Opening hours during the festival
Opening on Thursday 25 February 17:00–19:00
26 February 11:00–20:00
27 February 13:00–20:00
28 February 13:00–18:00

After the festival
Tuesday – Friday 11:00–18:00, Saturday & first Sunday of each month from 13:00–18:00
The exhibition will run until 2 May 2010

Filmprogramme at NIMk
In the weeks following the Sonic Acts Festival two film nights will be organized at NIMk, showing films and videoworks connected to The Poetics of Space, both followed by a discussion.

Poetics of Space: A NIMk Selection
24 March, 20:00
An evening with selected works from the NIMk-collection relating to The Poetics of Space, from classics to new work by Nan Hoover, Anouk de Clercq, Bernard Gigounon, Thomas Mohr and Kurt D’Haeseleer.

Terrain 09
21 April, 20:00
Terrain 09 takes you on a journey from the extreme visual clutter of over-populated cities to the tranquility of rural panoramic plains and other-worldly imagined spaces.
An evening in cooperation with onedotzero.

Conference
The three-day conference in De Balie forms the heart of the festival. Besides lectures and presentations, the comprehensive programme also features interviews, film screenings and short performances. An international gathering of theorists, artists, researchers, composers and critics will shed light on different aspects involved in working with space, centered on the theme: how does technology change our experience of space, how do artists investigate this in their work, and how do they enhance or modify the spatial experience?

The conference explores this theme during the lectures that link the history of (media) art with scientific and technological developments, drawing on architectural theory, phenomenology, psychophysics and even space travel. In addition the conference includes presentations that reveal how the boundaries of science and technology, and artistic utopias from the past, inspire contemporary artists in their spatial investigations of image and sound.
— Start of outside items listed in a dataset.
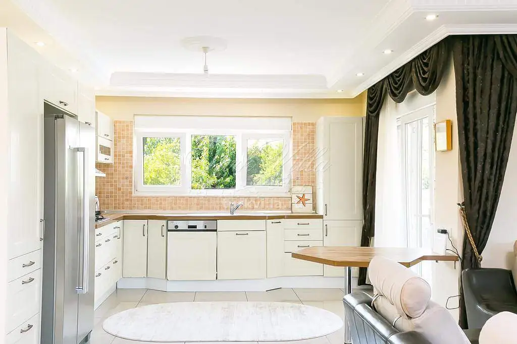 Вилла с большой ухоженной территорией расположена всего в 600 метрах от моря, идеально подходит для полноценного отдыха большой семьей или компанией друзей. На территории виллы открытый бассейн, терраса для загара, барбекю, стоянка для одного автомобиля.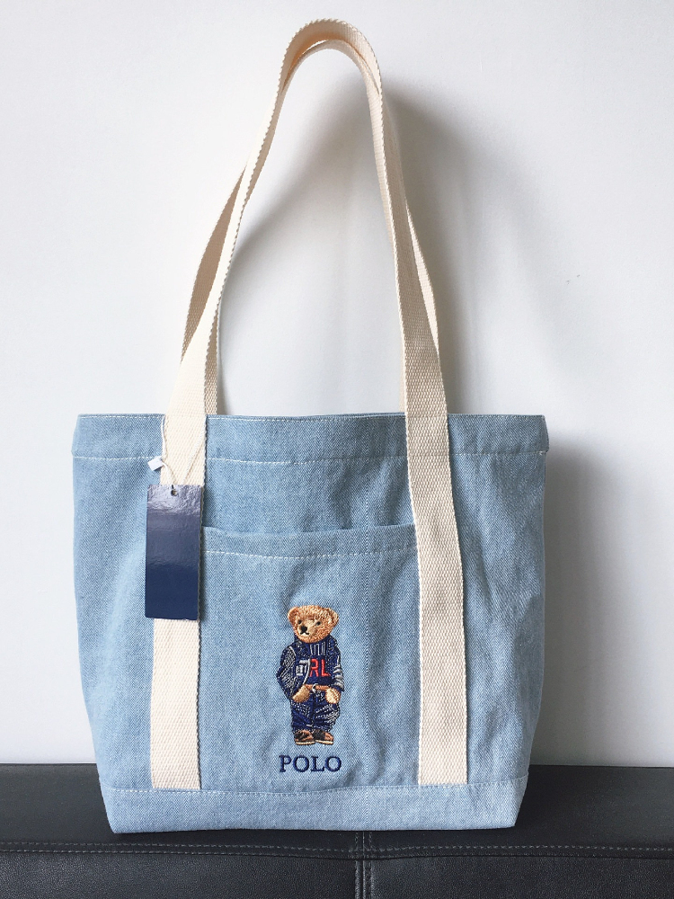 Lotte Japan-Korea Polo Webbing Denim Set Bear Embroidery Canvas Bag Shopping Bag Shoulder Tote Bag
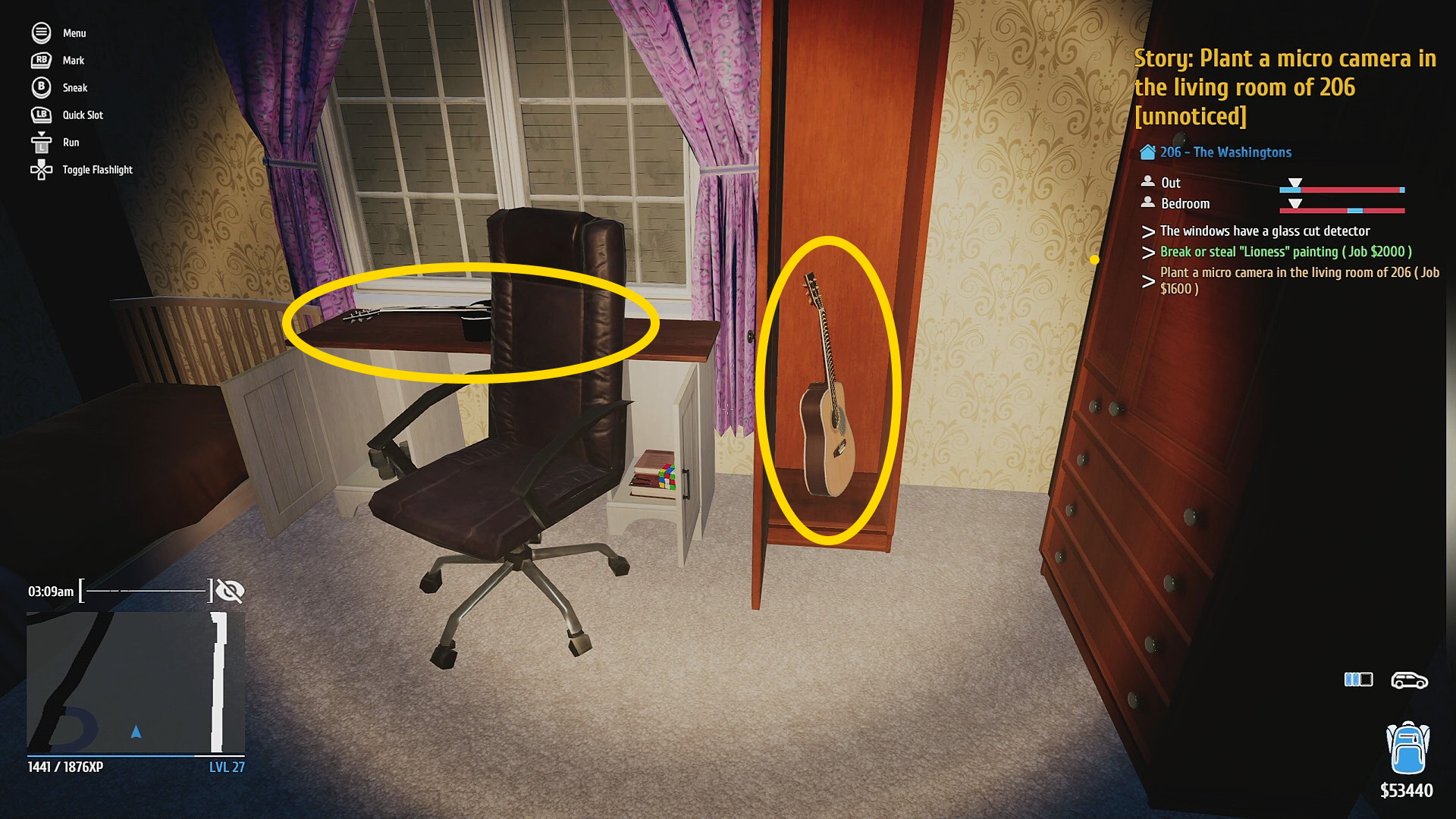• 旦那が寝室に入る午前2時までは復活したアイテムを回収してまわる (価値と売却額が高い書斎の黒いギター、寝室のトロンボーンなどを中心に回収)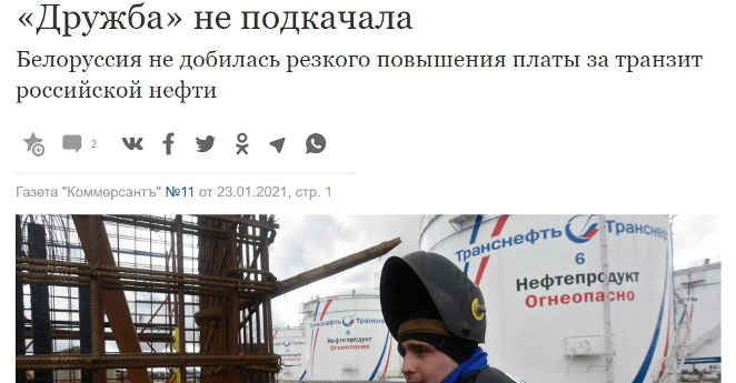 • «Коммерсантъ» подчёркивает «антироссийскую» направленность беларусских программ по развитию собственной нефтетранспортной системы, предлагая такой тезис в качестве фонового объяснения неудачи беларусской делегации по переговорам о цене транзита и компенсации за грязную нефть;

A few catchwords: hybrid space, acoustic ecology, spatialized sound, domes, multiple-screen projections, sonic architecture... Cage & Hiller's HPSCHD, the Pepsi Pavilion, Blur Building, Recombinant Media Labs, Acousmatics, Vortex concerts....

Participants include Branden W. Joseph, Robert Whitman, Edward Shanken, Naut Humon, Trace Reddell, Douglas Kahn, Brandon Labelle, Roger Malina, Barry Truax, Hildegard Westerkamp, Eric Kluitenberg, Daniel Teruggi, Raviv Ganchrow, Dirk Hebel, Joerg Stollmann, and many more.

Concerts / Performances / Films
The evening programme in the Paradiso comprises a wide-ranging exploration of the spatial dimensions of image and sound and examines the relationship between spatial architecture and the listening ear and how our brains process sensory input. Events include immersive audiovisual performances, highly intensive listening experiences, experiments with spatial sound, multi-screen projections, films that extend beyond the screen and pure light.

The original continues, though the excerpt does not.